[Collected data]
=== Begin Enclosure ===

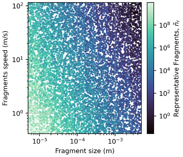 Finally, we developed a tool for characterising the ejecta plume generated by an impactor. The importance of such an analysis is twofold: a deeper understanding of the impact phenomena for better model developments and knowledge of asteroid composition and formation, and the plume characterisation to identify regions of higher concentrations of particles. We also propose a visualisation tool to generate synthetic images of impact cratering events by exploiting the fragment's sampling, propagation and density estimate procedures (Figure 12).
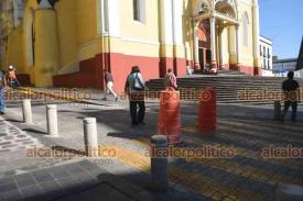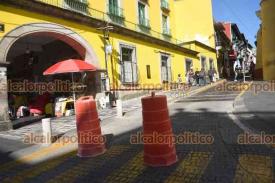 Xalapa, Ver., 6 de enero de 2026.- Por trabajos en la Catedral Metropolitana, se cerró el paso vehicular en la calle Revolución, entre Enríquez y Juárez. Quedó abierto pasadas las 13:30 horas.
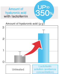 On top of those benefits already known, we found that lactoferrin is not only able to activate cells on the skin, but also verified its effect deep into it. We discovered that the amount of "collagen", "elastin" and "hyaluronic acid" increased up to even a 350%.

=== End Enclosure ===

[Work task] Reproduce the material above verbatim; omit every picture.

[Answer for the task]
 Finally, we developed a tool for characterising the ejecta plume generated by an impactor. The importance of such an analysis is twofold: a deeper understanding of the impact phenomena for better model developments and knowledge of asteroid composition and formation, and the plume characterisation to identify regions of higher concentrations of particles. We also propose a visualisation tool to generate synthetic images of impact cratering events by exploiting the fragment's sampling, propagation and density estimate procedures (Figure 12).
 Xalapa, Ver., 6 de enero de 2026.- Por trabajos en la Catedral Metropolitana, se cerró el paso vehicular en la calle Revolución, entre Enríquez y Juárez. Quedó abierto pasadas las 13:30 horas.
 On top of those benefits already known, we found that lactoferrin is not only able to activate cells on the skin, but also verified its effect deep into it. We discovered that the amount of "collagen", "elastin" and "hyaluronic acid" increased up to even a 350%.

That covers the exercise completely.